Loti noemt voorbeelden van de strikte rechtvaardigheid van de sultan en schroomt niet om onaantrekkelijke stadslandschappen te beschrijven. Maar zijn hart ligt bij de charme van het land. De schrijver vraagt Marokko om ‘vooruitgang’ af te wijzen en vast te houden aan tradities. Hij smeekt het land zelfs om ‘Europa de rug toe te keren’.
Was Loti gewoon een gekke romanticus die blindelings vertrouwde een verleden dat beter bij hem paste dan in zijn eigen tijd?

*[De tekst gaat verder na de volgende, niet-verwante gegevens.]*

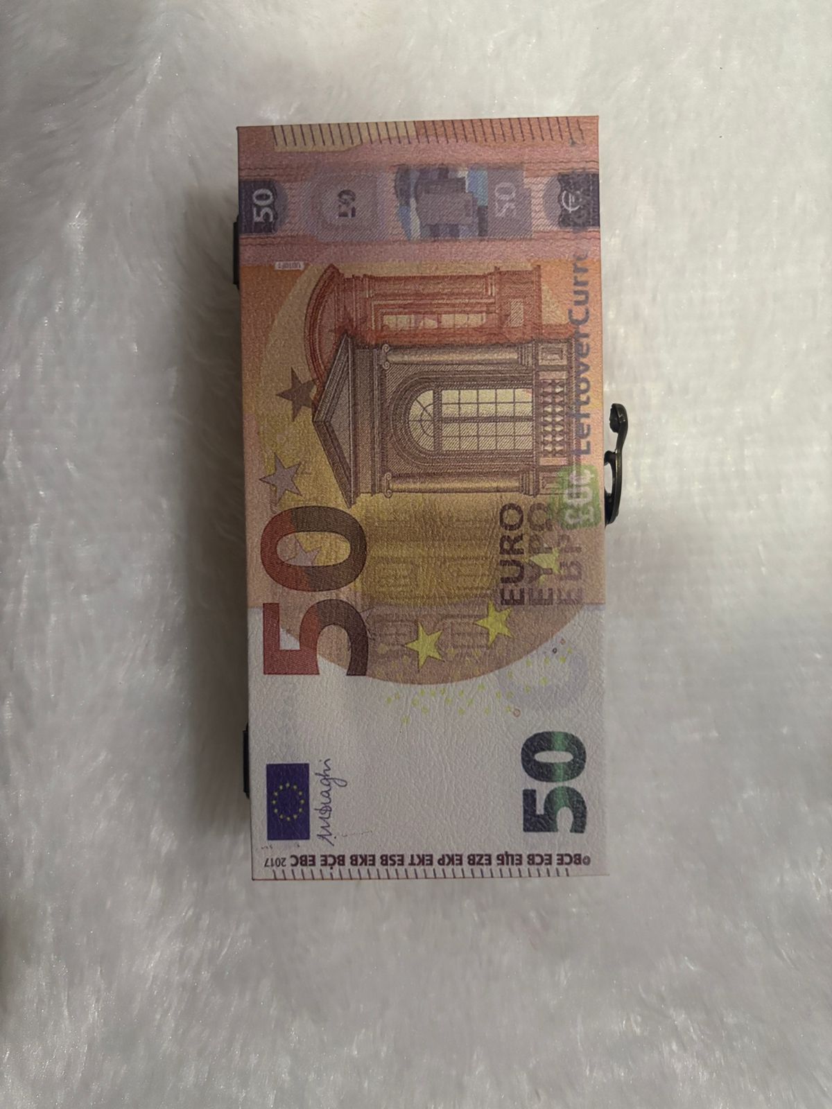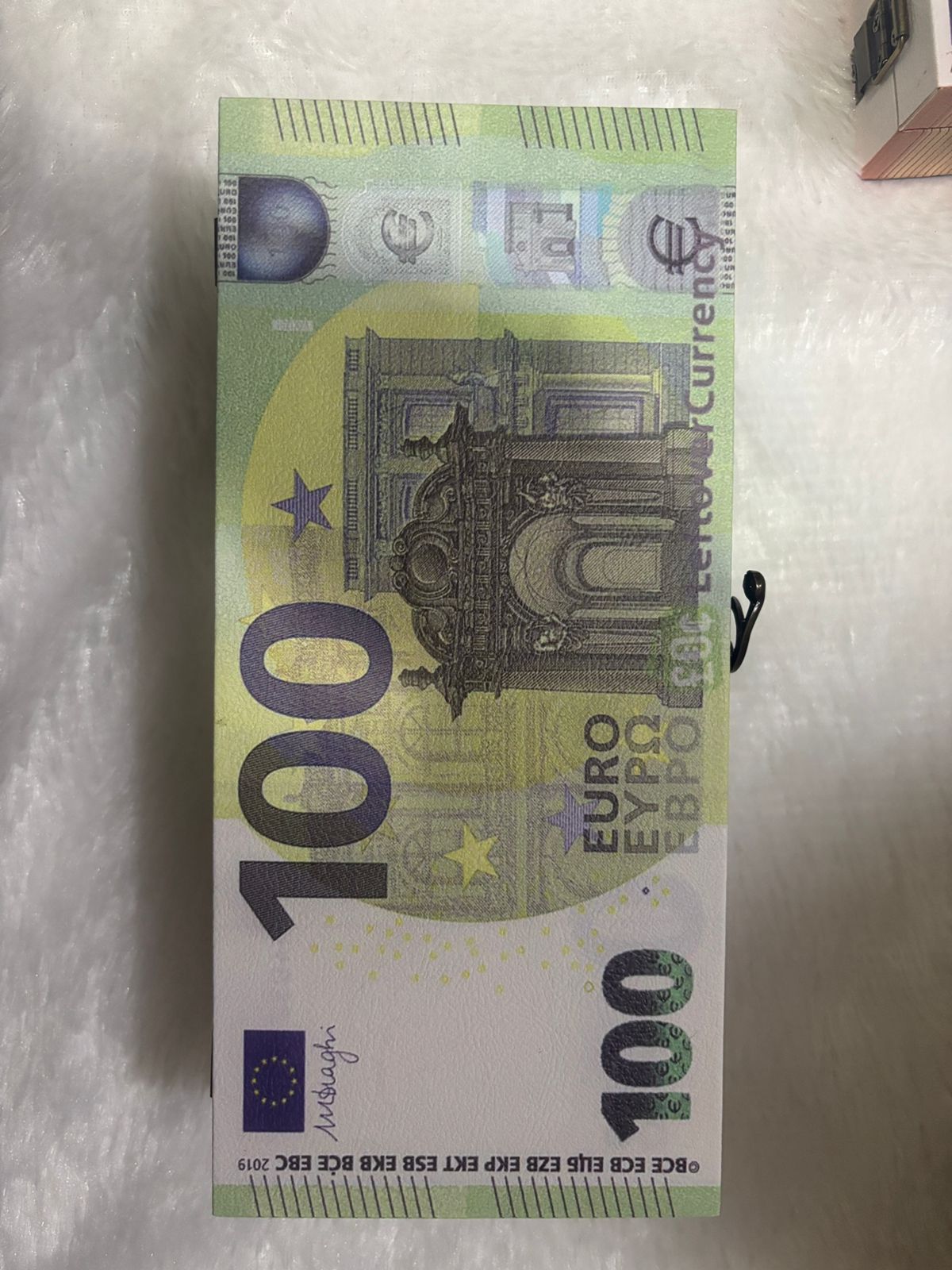 DesignHighly realistic printed replica of Euro banknotes (€100 and €50).FunctionDecorative and discreet storage box or small case.Aesthetic ValueAdds a luxurious, high-value aesthetic to any space.MaterialLikely wood or durable cardboard with a secure clasp.PurposeIdeal for storing small valuables, cash, or jewelry.AppealPerfect for financial manifestation rituals or a unique gift.
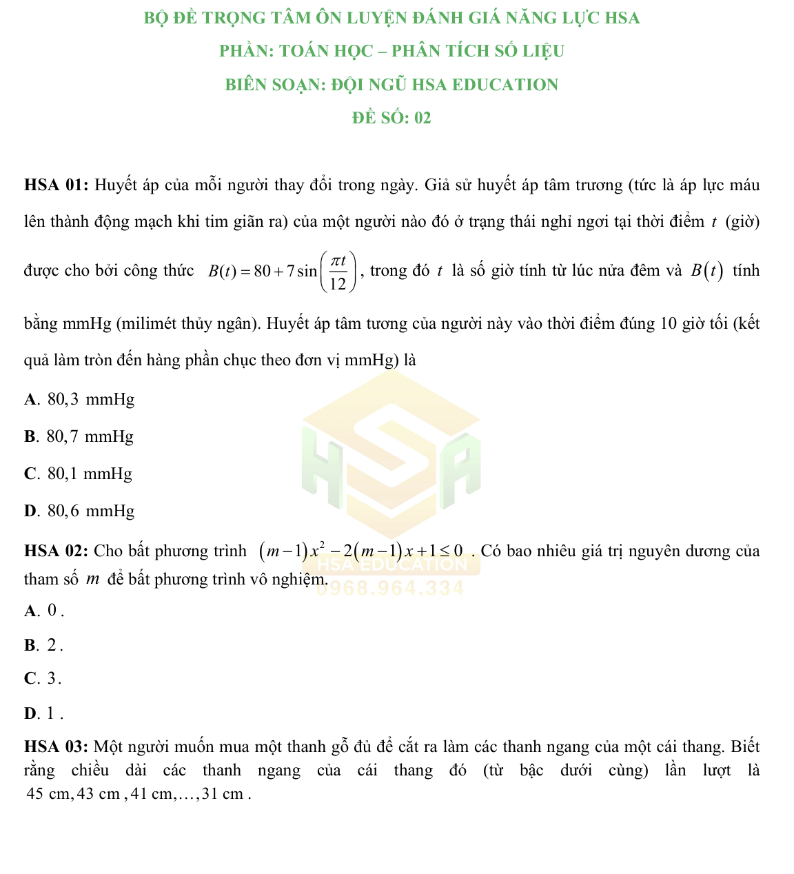 Bài thi Đánh giá năng lực (ĐGNL) Hà Nội 2025 là một trong những kỳ thi quan trọng, giúp đánh giá toàn diện tư duy logic, khả năng tính toán và phân tích số liệu của thí sinh. Trong đó, Đề 2 trọng tâm Toán học – Phân tích số liệu được biên soạn bởi đội ngũ HSA Education mang đến một hệ thống câu hỏi phong phú, bám sát cấu trúc đề thi chính thức.

Het antwoord hangt af van de persoon aan wie de vraag wordt gesteld. Zijn beschermheer, de ambassadeur Jules Patenôtre, nam resoluut afstand van Loti’s oproep tegen de vooruitgang van Marokko.
Oriëntalist en ‘exoot’
Loti was een excentrieke oriëntalist die belang hechte aan sensaties, instincten en impulsen, hoewel hij ook over een bewonderenswaardig talent beschikte als gekwelde en precieze waarnemer en transparante stilist. Henri Matisse bezocht Tanger tweemaal in 1912 en 1913 en schilderde daar een aantal verbazingwekkende kleurrijke schilderijen; hij plaatst Loti in een ander licht. Door ‘Au Maroc’ te lezen, zei Matisse, raakte hij vertrouwd met het landschap van Marokko. Hij waardeerde Loti’s vermogen om te beschrijven, waarvan hij de pracht pas besefte toen hij zelf het beschrevene aanschouwde. Loti was een man van romantische en ongecompliceerde beelden, ‘een dromer, maar nooit blind’.